"Could injurious fate be so harmful as to take from me so many and such great companions, whom recently so many kings and so many remote kingdoms feared? O dubious lot of mankind! "
The sacrifice of his companions in battle is very similar to the sacrifice of Jesus Christ that led Margery to go insane with grief and Julian to become, similar to Merlin, closed off from the outside world. Now Merlin was not having visions, but he could not function in society knowing that his companions had been taken from him.
Merlin was grieving in the woods shut off from the outside world, until winter came.
"Here once there stood nineteen apple trees 9 bearing apples every year; now they are not standing. Who has taken them away from me? Whither have they gone all of a sudden? Now I see them - now I do not! Thus the fates fight against me and for me, since they both permit and forbid me to see. Now I lack the apples and everything else"

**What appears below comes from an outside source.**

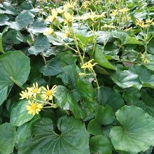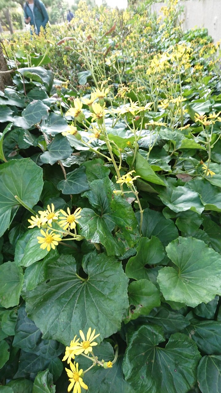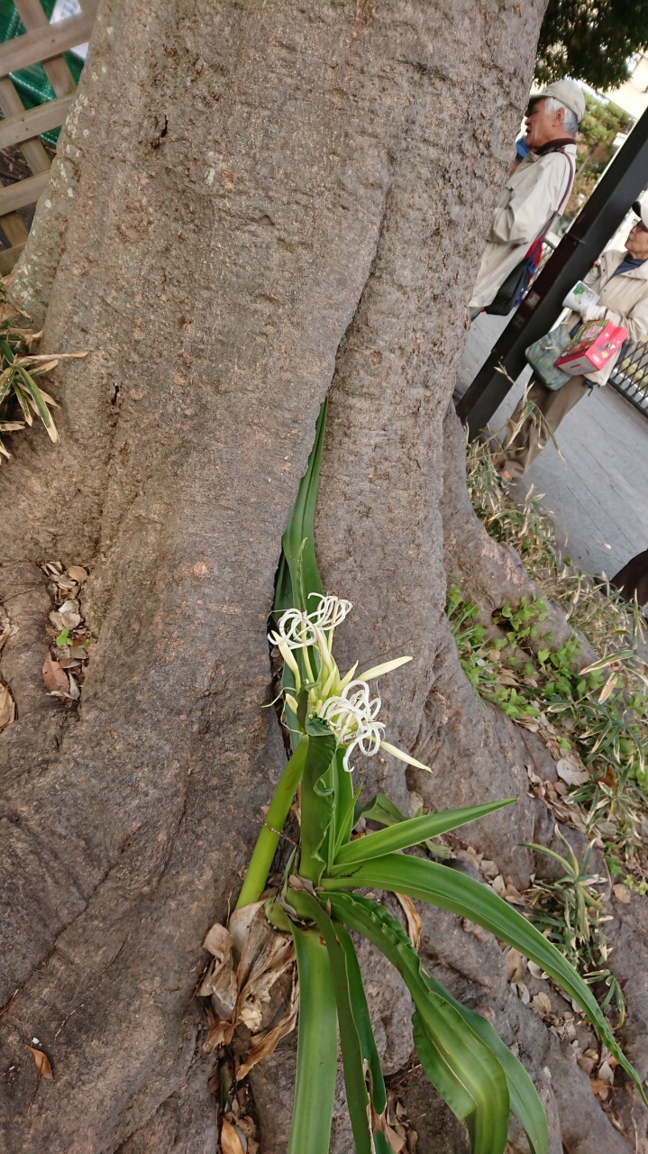 歩道も平らでなく、一段高くなっている。近くにはツワブキが沢山綺麗でおまけに季節外れの浜木綿が木の根の間に咲いていた

Now I know an apple a day keeps the doctor away, but this scene illustrates an idea larger than just apples. Everything dies. Whether it's Merlin's companions, Jesus, or apples, these people are losing things that they care for and are not able to move on from them, letting it drive them mad. Merlin did not have a healthy relationship with apples, as Margery did not have a healthy relationship with Jesus, both letting their passing grieve them to an extend to where their harm outweighs their benefits.